Raw data:
========

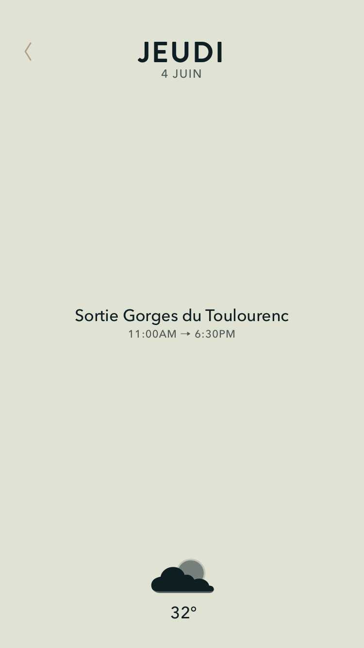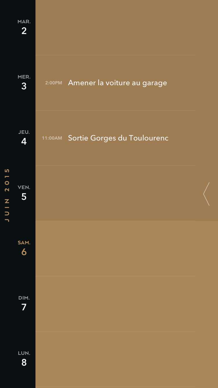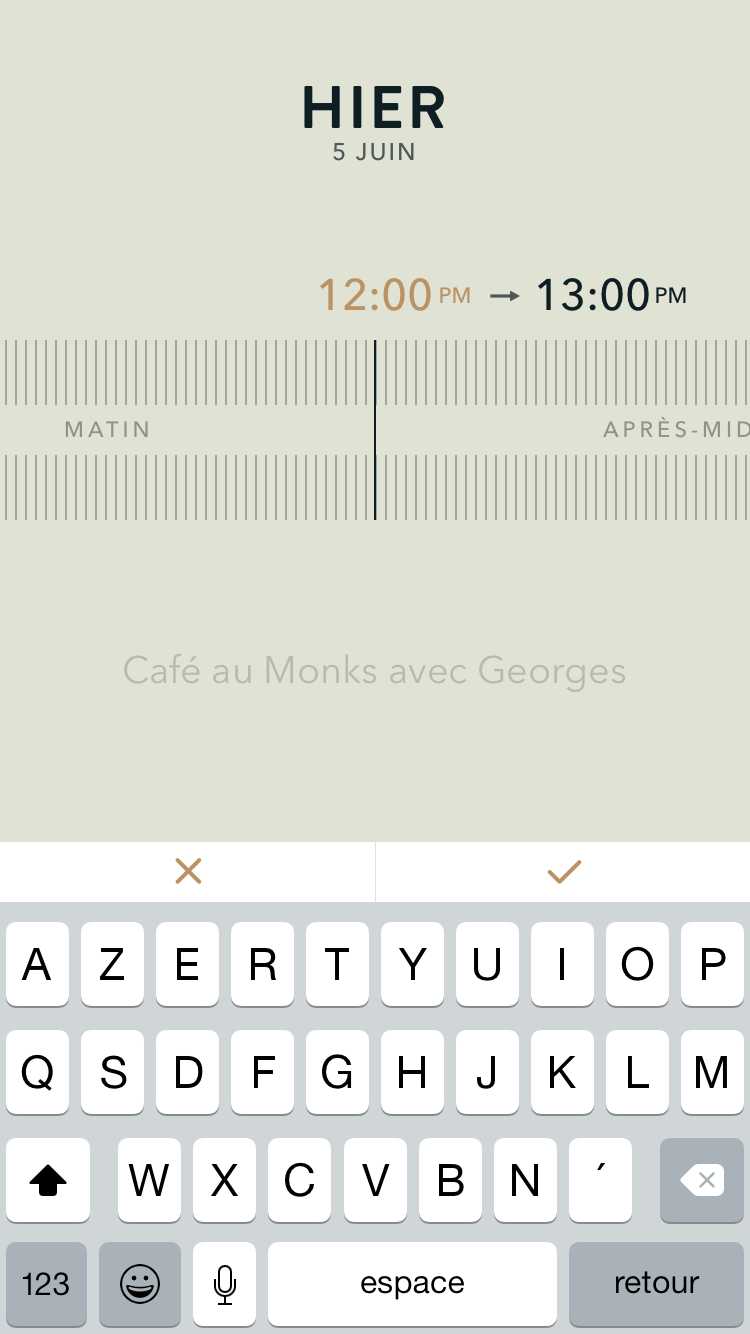 TimePage est très simple à utiliser, une fois la configuration terminée et vos nombreux calendriers ajoutés, les événements de la journée se présenteront en liste, tout simplement. Chaque jour, vous aurez une note sur cette date, puisque chaque jour, l’Homme crée son lendemain. Un événement à ajouter à votre journée ? Il suffit simplement de tirer vers le bas. Ensuite, il suffit de choisir l’horaire de ce rendez-vous, à définir via les heures inscrites en haut. Enfin il faut noter le titre de ce rendez-vous pour que vous soyez prévenu en temps et en heure.
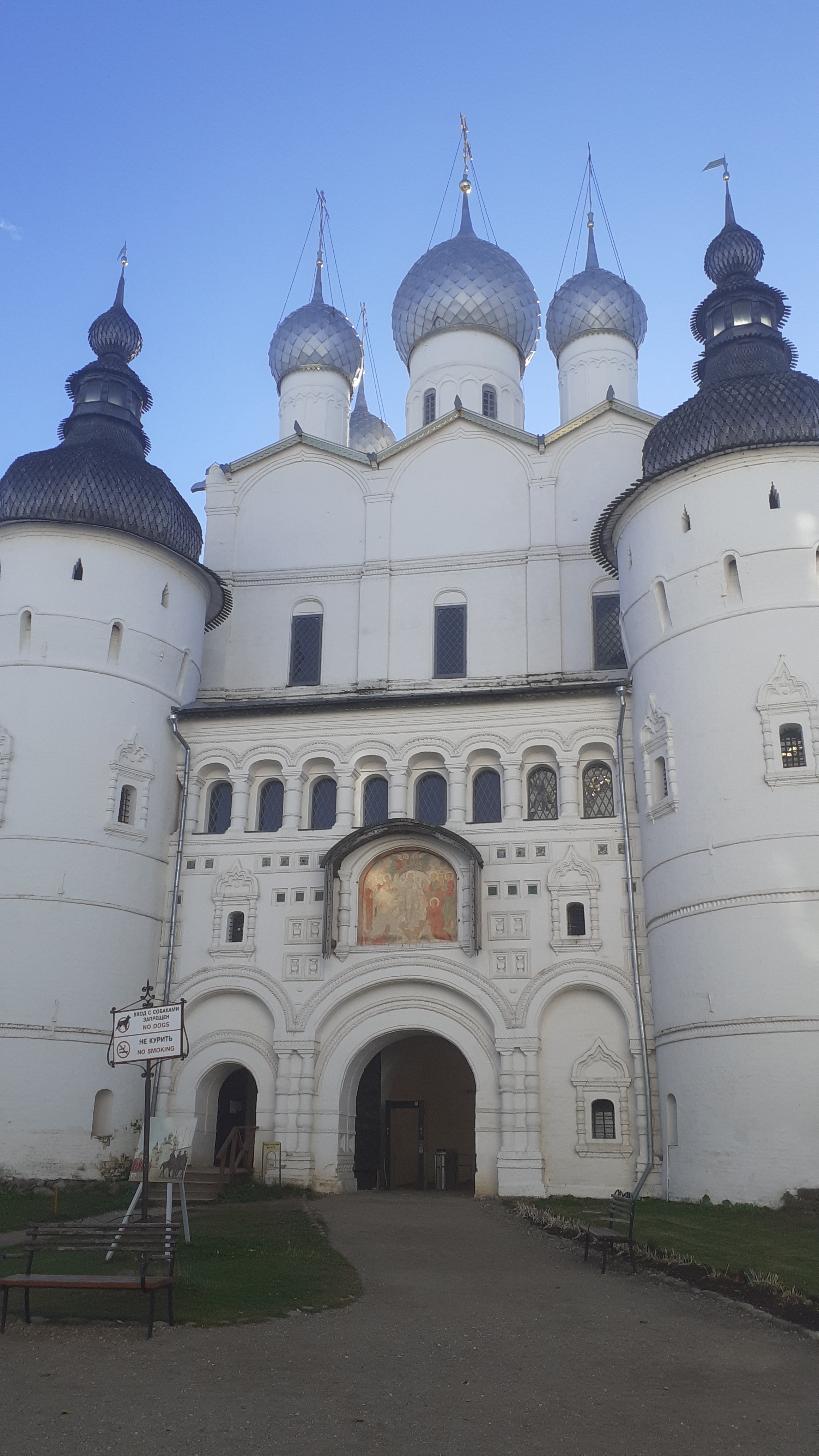 4. Потом, в Ростове Великом, восхитилась видами озера Неро, крупнейшего озера региона, и посетила Ростовский кремль, где снимали легендарный советский фильм «Иван Васильевич меняет профессию». На территории кремля расположены стенды с фрагментами из фильма в том месте, где происходит какое-либо действие киноленты.
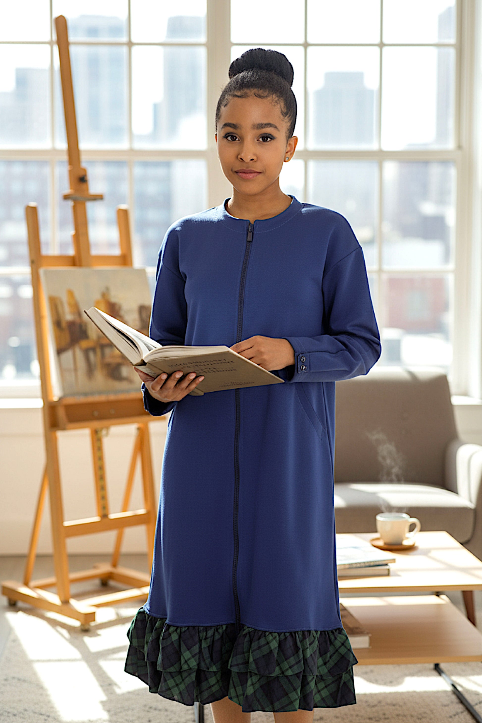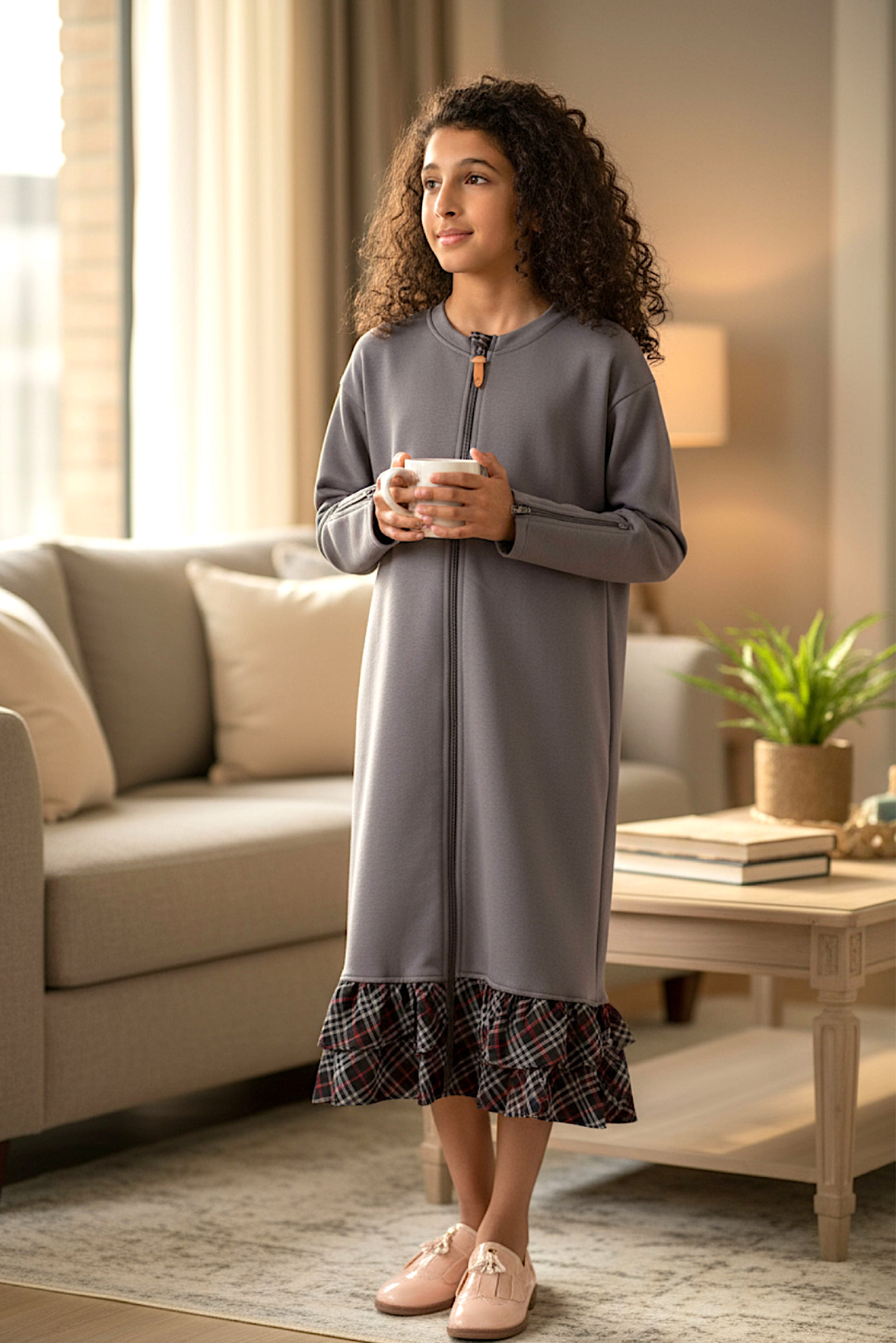 Adaptive Kids Dolman Sweatshirt Dress with full Zipper & Contrast Frills
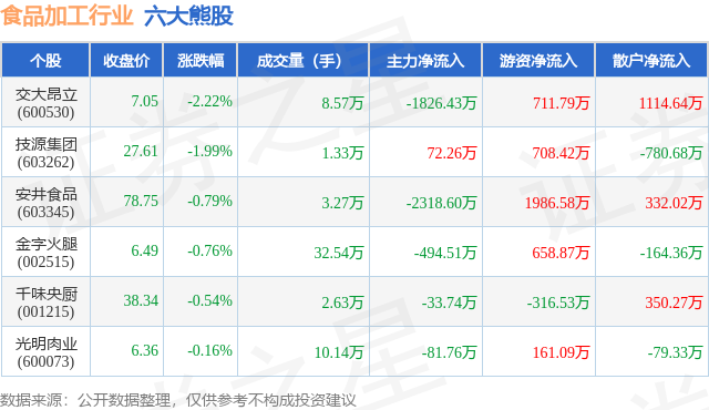 个股表现方面,食品加工行业当日领跌股为交大昂立(600530),该股当日报收7.05,下跌2.22%,成交量8.57万,主力资金净流出1826.43万元。技源集团(603262)以下跌1.99%紧随其后,该股当日成交量1.33万,主力资金净流入72.26万元。除此之外,安井食品(603345)、金字火腿(002515)、千味央厨(001215)均进入当日熊股之列。具体个股列表见下表:
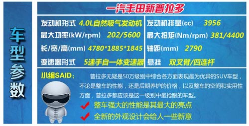 動力方面,新款普拉多依然搭載4.0L發動機,其最大功率275馬力,最大扭矩為381N·m,與發動機匹配的是5速手自一體變速箱。

========

Required action: Skipping any pictures, copy the line that holds "个股表现方面,食品加工行业当" and each line after it through the last line of the records, unchanged, and no other lines.

Your response:
 个股表现方面,食品加工行业当日领跌股为交大昂立(600530),该股当日报收7.05,下跌2.22%,成交量8.57万,主力资金净流出1826.43万元。技源集团(603262)以下跌1.99%紧随其后,该股当日成交量1.33万,主力资金净流入72.26万元。除此之外,安井食品(603345)、金字火腿(002515)、千味央厨(001215)均进入当日熊股之列。具体个股列表见下表:
 動力方面,新款普拉多依然搭載4.0L發動機,其最大功率275馬力,最大扭矩為381N·m,與發動機匹配的是5速手自一體變速箱。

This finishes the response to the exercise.